Attempting to tame StarOffice HTML
By Chris Quenelle on Aug 28, 2006
One of the tasks I have to do every so often is to maintain a 75 page HTML document. It's a manual for an API that I'm responsible for. Over the years, I've used Netscape, or Mozilla or Star Office to update the manual. It seems everytime I edit it (usually every 3 to 6 months), the output when I save it is completely different in terms of the indenting and the nature and amount of extra cruft that gets put in. I've always accepted this as the way things have to be, because I can understand the difficulty in mapping between a text editor's notion of rich text and HTML's notion of rich text.
What pushed me over the edge is the problem of adding a new function to my library and adding a new paragraph of documentation at the same time. I want to be able to diff the two HTML files (before and after the addition) and see what changes were made. I don't mind if it's got markup in it, I just want a reminder of what change was made, so a plain text diff is okay with me.
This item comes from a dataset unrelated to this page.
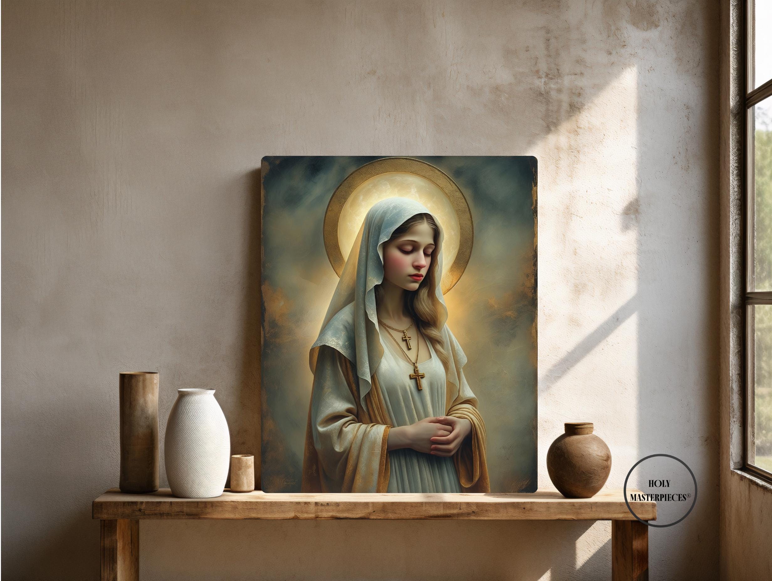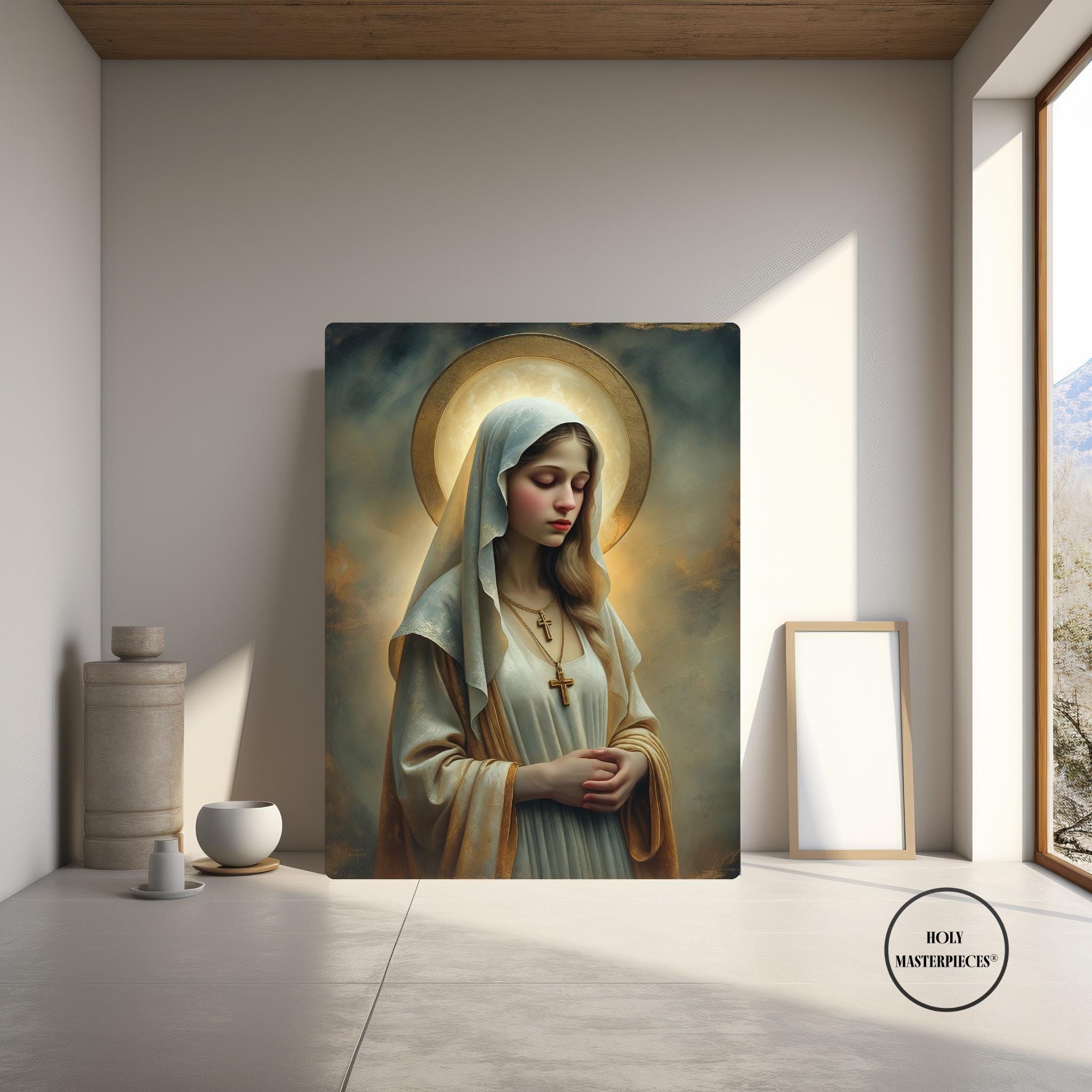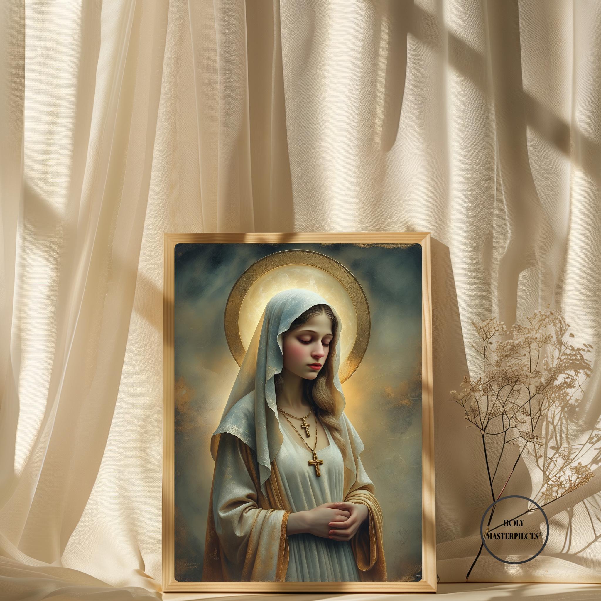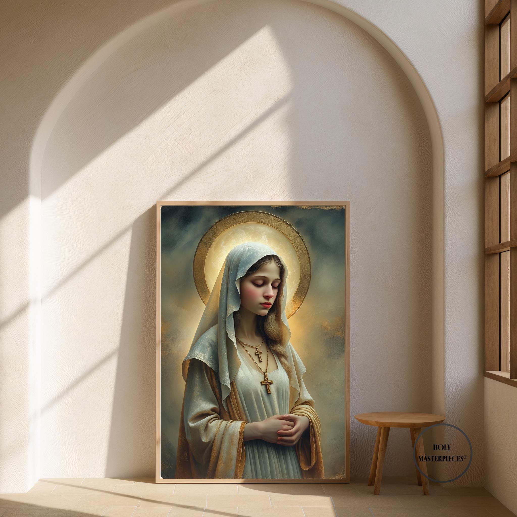 This serene Marian artwork portrays the Blessed Virgin in quiet contemplation as evening light gathers around her. Soft dusk tones envelop Mary’s gentle features, while her lowered gaze and still posture express humility, surrender, and interior prayer. The transition from light to shadow evokes the sacred hour of reflection, when the soul rests silently in God’s presence.

But everytime I try this, I get a diff on about every single line of the entire file. The line breaks are completely different or new style properties get added to every paragraph even though I didn't change the actula styles in the editor. Bummer.
Of course, if I turn around and make another change immediately, I'll get a reasonable diff. The problem happens because I only update the docs every 3-6 months. In between it's quite common things to happen:
- I accidentally use a different version of star office
- Someone else updates the manual using some unknown editor
- I upgrade my desktop machine and get a different micro version of Star Office
I was thinking about this recently, and decided to try playing around with Star Office to see if I could get it to generate a very simple and stripped down HTML.
Part of that idea was trying to convince it to use CSS, and to reload the CSS from the HTML file and recreate its own styles. I considered this a pretty far-fetched idea, because I assumed the internal Star Office to HTML translation was basically one way. I assumed all the higher level structures (like predefined styles) would be lowered to HTML and forgotten.
It turns out I was pleasantly surprised. Star Office 8 can basically do what I want. It still has a little cruft it wants to inject to enforce its own "default" settings. Specifically, <P CLASS="myformat-western" STYLE="margin-bottom: 0.2in"> and <P STYLE="margin-bottom: 0in; page-break-before: auto"> seem to be common things that sneak into your HTML source.
When you create a new style, if you want it to be stored in the CSS you have to "link" it with an existing style that represents an HTML tag. For example, a paragraph format could be linked with "Text body". Linking your new style with "Default" (the default) won't get it saved as CSS.
You can use the "Styles and Formatting" dialog to change between paragraph and character styles (a standard feature in word processors) but there doesn't seem to be a way to use that dialog to remove formats. You have to use the menu bar under Format->Default Formatting. I think it's very easy for Star Office to accidentally translate a style-oriented change to a paragraph into individual-paragraph-oriented change. In other words, when I change the margin on a paragraph style to .5 inches (for example) sometimes Star Office would change the style, but also assign that specific margin to each paragraph instance that was tagged with the style. This adds to the number of individual crufty style blobs floating around in your document.
In order to get rid of all the margin-bottom settings, I added an explicit margin-bottom setting to my own custom styles, and then decided to use my own custom styles for all the most common paragraph styles in my manual.
But there was no way to control the page-break-before property in the HTML editing mode of Star Office Writer. If you are editing a Star Office native ODT document then you have some "Text Flow" options. But all those options seem to vanish from all the various menus when you're editing an HTML document. It's a little confusing because all the docs still talk about them.
But I did an experiment, where I removed all the "page-break-before" properties from the HTML file on disk, and then reloaded the file and added some more paragraphs. It seems that Star Office won't recreate them after you remove them. So I think I'm ready to try converting my document to use new CSS styles.
We'll see how it goes.
Some time later ...
One important feature on your new custom styles is "autoupdate". This is important while you're fiddling around with formats. But when you save/reload your HTML it gets reset to off.
Hmmmm.... It seems that some properties (like margins) will automatically get propogated to all paragraphs with the same style. But some properties (like spacing above and below paragraph) will not.
I spent a lot of time updating a single style and then paint-brushing the same style onto all the instances that already had that style. I think I could have gotten the same effect by just removing all the floating style blobs using a text editor and then reloading.
Yes, that works better. I had "margin-xxx properties sneak into my document somehow. If I save the doc as HTML and then delete all the explicit style settings with "margin-\*" then reload it, all the paragraphs start to respond globally to changes (you still need to mark them AutoUpdate, I assume).
Okay, I think I've got a reformatted manual that will work for me. I needed to liberally use a regular-expression capable editor to strip out all the "style" tags that kept creeping back in. But once I take them out they seem to stay out pretty well.